● **DATASET CONTENT**
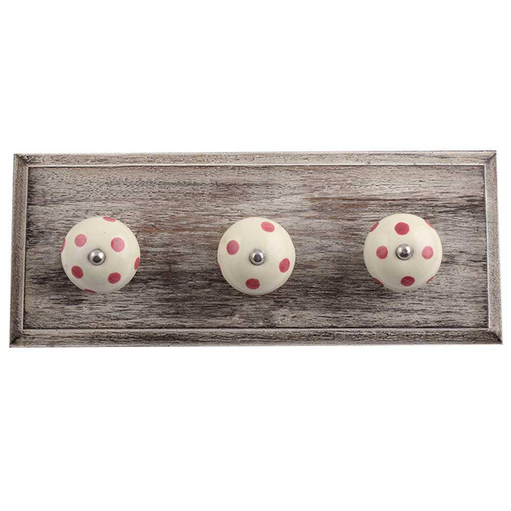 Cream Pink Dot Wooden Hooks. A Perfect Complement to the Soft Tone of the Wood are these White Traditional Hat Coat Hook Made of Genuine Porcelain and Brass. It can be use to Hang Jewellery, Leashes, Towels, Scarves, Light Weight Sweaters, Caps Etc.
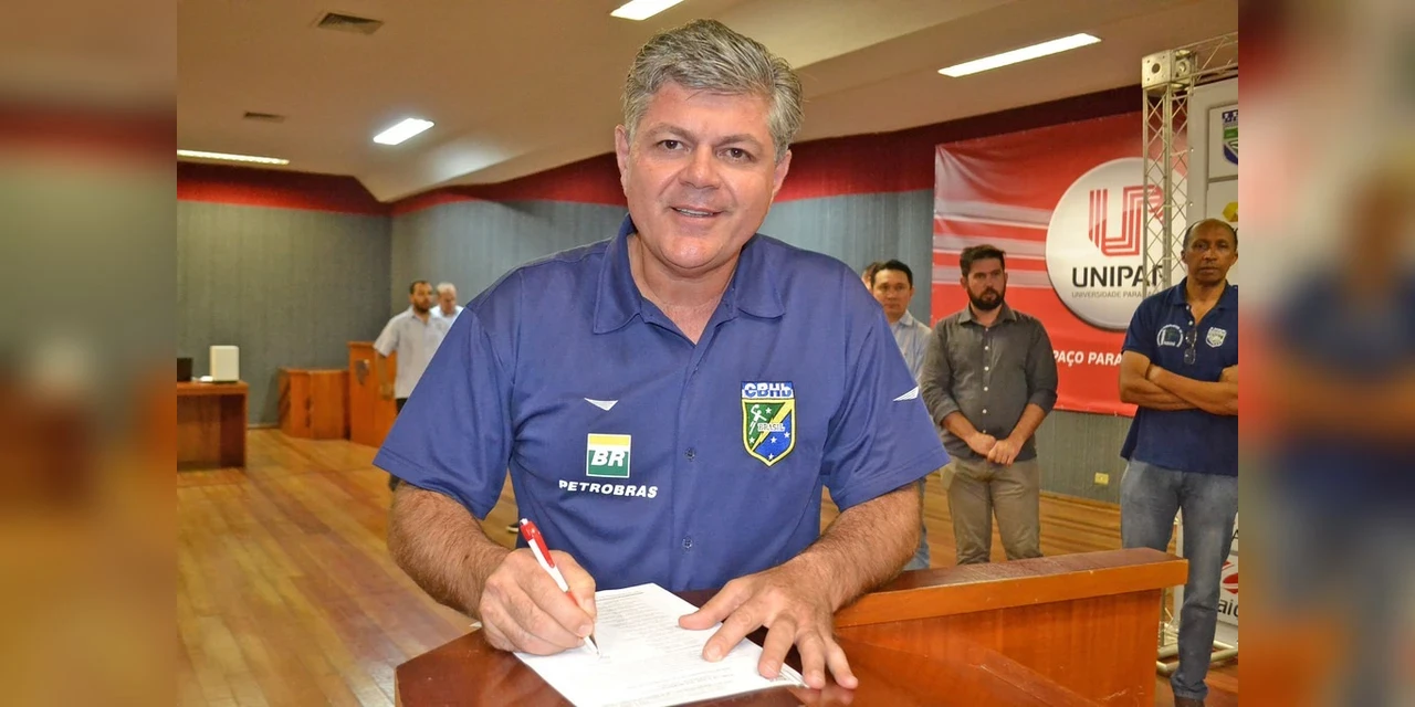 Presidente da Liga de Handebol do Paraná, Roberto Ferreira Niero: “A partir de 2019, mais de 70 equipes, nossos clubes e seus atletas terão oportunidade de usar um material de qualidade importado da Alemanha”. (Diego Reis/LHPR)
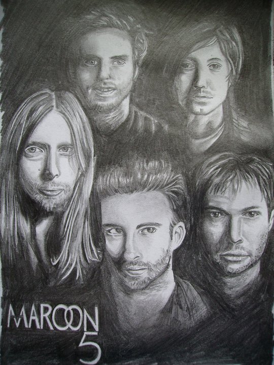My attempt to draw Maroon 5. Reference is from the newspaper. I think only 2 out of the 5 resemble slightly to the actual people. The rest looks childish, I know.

● **INSTRUCTIONS TO FOLLOW**
Repeat the data word for word, excluding any image.

● **RESPONSE BELOW**
 Cream Pink Dot Wooden Hooks. A Perfect Complement to the Soft Tone of the Wood are these White Traditional Hat Coat Hook Made of Genuine Porcelain and Brass. It can be use to Hang Jewellery, Leashes, Towels, Scarves, Light Weight Sweaters, Caps Etc.
 Presidente da Liga de Handebol do Paraná, Roberto Ferreira Niero: “A partir de 2019, mais de 70 equipes, nossos clubes e seus atletas terão oportunidade de usar um material de qualidade importado da Alemanha”. (Diego Reis/LHPR)
My attempt to draw Maroon 5. Reference is from the newspaper. I think only 2 out of the 5 resemble slightly to the actual people. The rest looks childish, I know.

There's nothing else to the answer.